The president of the health system was tapped as the executive sponsor of the collaborative to ensure connection to the health system’s COVID-19 response efforts and accountability to the directive of the board of trustees. Weekly reports were made to the collaborative’s COVID-19 Incident Command Center, and quarterly reports were made to the board. The established steering committee comprised the board of trustees’ cochairs, senior university and health system leaders, innovation and data experts, public health department representatives, and a leader of a local medical association for Black physicians. They met weekly to develop the strategic work plan, engage participants, and evaluate sources of funding to support intervention efforts. After 3 months, the steering committee added a health system director of community engagement and began to field requests for COVID-19 program support partnerships. The steering committee provided the key benefit of centralized leadership, decision making, triage of requests for community partnerships, and a vector of escalation of barriers to the Incident Command Center for mitigation.

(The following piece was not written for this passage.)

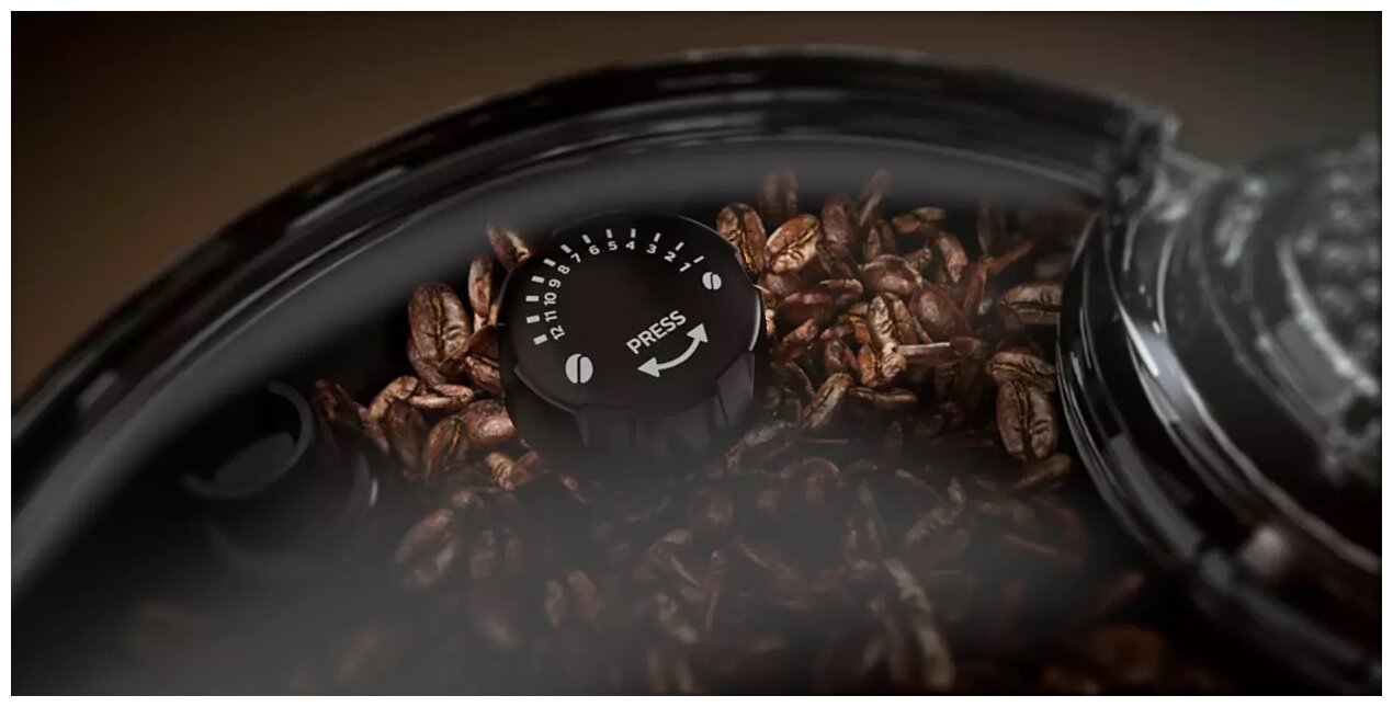 15 individual drinks; 12 grind levels; 6 profiles; 5 strength settings; waste container for 14 servings; automatic rinsing of coffee circulation elements; Standby mode; adjustable coffee dispenser 7

The messaging work group comprised university and health care educators with marketing and communication system resources. This group developed segmented marketing strategies to leverage messengers representative of the community as a trusted voice to educate and inform communities of focus and community leaders on COVID-19 and prevention strategies. A speaker’s bureau was established to harness and promote these voices to the community. Personal and organizational print and social media platforms were leveraged to produce informative ads and videos. Virtual educational webinars were designed and conducted in partnership with community organizations for further outreach. A targeted messaging campaign leveraging a text messaging opt-in/out platform directed recipients to symptom evaluation tools for COVID-19 and to testing sites and provided additional preventive health reminders. Outputs of this work group are measured by number of community-representative messengers, impact of each media platform, and the attendance of educational sessions.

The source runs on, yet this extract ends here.